▸ Dataset extract:
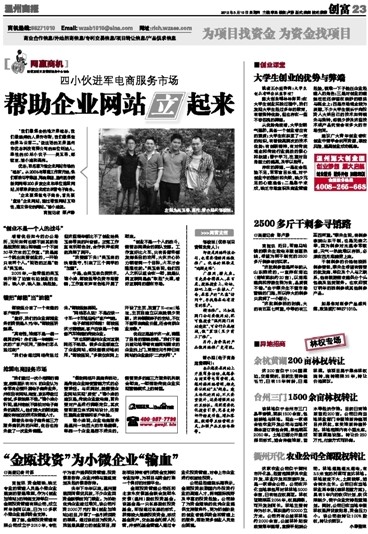 溫州商報:四小伙進軍電商服務市場 幫助企業網站立起來
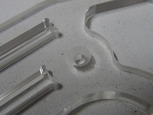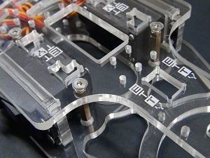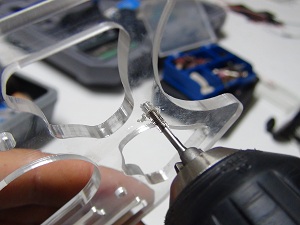 To fix for example the servomotors, I threat the acrylic structure with a M3 tap (helped with the electric screw driver).
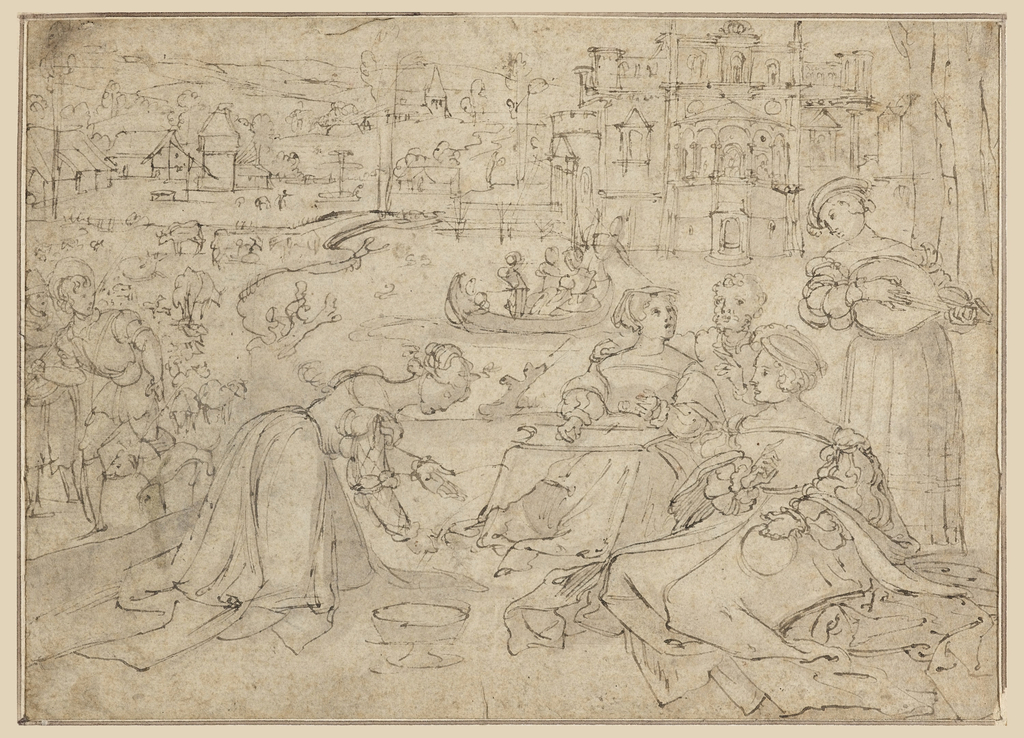 Drawing, Recto: The Month of April (Figures in a park near a castle); Verso: Youth from The Three Ages of Man (?)(Merry-makers); Possibly by Master of the Months of Lucas (Netherlandish); Attributed to Pieter Coecke van Aelst (Netherlandish, 1502 – 1550); Netherlands; pen and brown ink, brush and brown wash on cream laid paper; 15 x 21 cm (5 7/8 x 8 1/4 in.); Gift of Milton Einstein; 1959-49-221
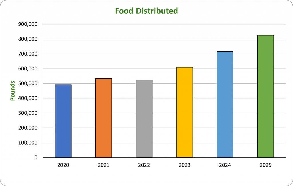 824,726 lbs of food distributed to guests in 2025
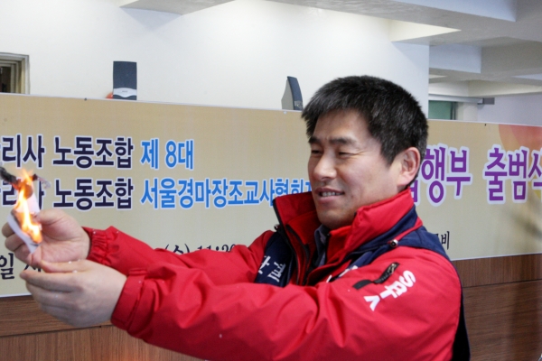 ¸¶Çʰü¸®»ç ³ëµ¿Á¶ÇÕ Á¦8´ë ÁýÇàºÎ Ãâ¹ü½ÄÀÌ Áö³ 1¿ù 12ÀÏ ¼¿ï°æ¸¶°ø¿ø ³» °ü¸®»ç ¼÷¼Ò 1Ãþ ·Îºñ¿¡¼ ¿·È´Ù.

▸ Problem description:
Every line from the one containing "Drawing, Recto: The" to the end of the material above is to be returned exactly, with the pictures left out.

▸ Response:
 Drawing, Recto: The Month of April (Figures in a park near a castle); Verso: Youth from The Three Ages of Man (?)(Merry-makers); Possibly by Master of the Months of Lucas (Netherlandish); Attributed to Pieter Coecke van Aelst (Netherlandish, 1502 – 1550); Netherlands; pen and brown ink, brush and brown wash on cream laid paper; 15 x 21 cm (5 7/8 x 8 1/4 in.); Gift of Milton Einstein; 1959-49-221
 824,726 lbs of food distributed to guests in 2025
 ¸¶Çʰü¸®»ç ³ëµ¿Á¶ÇÕ Á¦8´ë ÁýÇàºÎ Ãâ¹ü½ÄÀÌ Áö³ 1¿ù 12ÀÏ ¼¿ï°æ¸¶°ø¿ø ³» °ü¸®»ç ¼÷¼Ò 1Ãþ ·Îºñ¿¡¼ ¿·È´Ù.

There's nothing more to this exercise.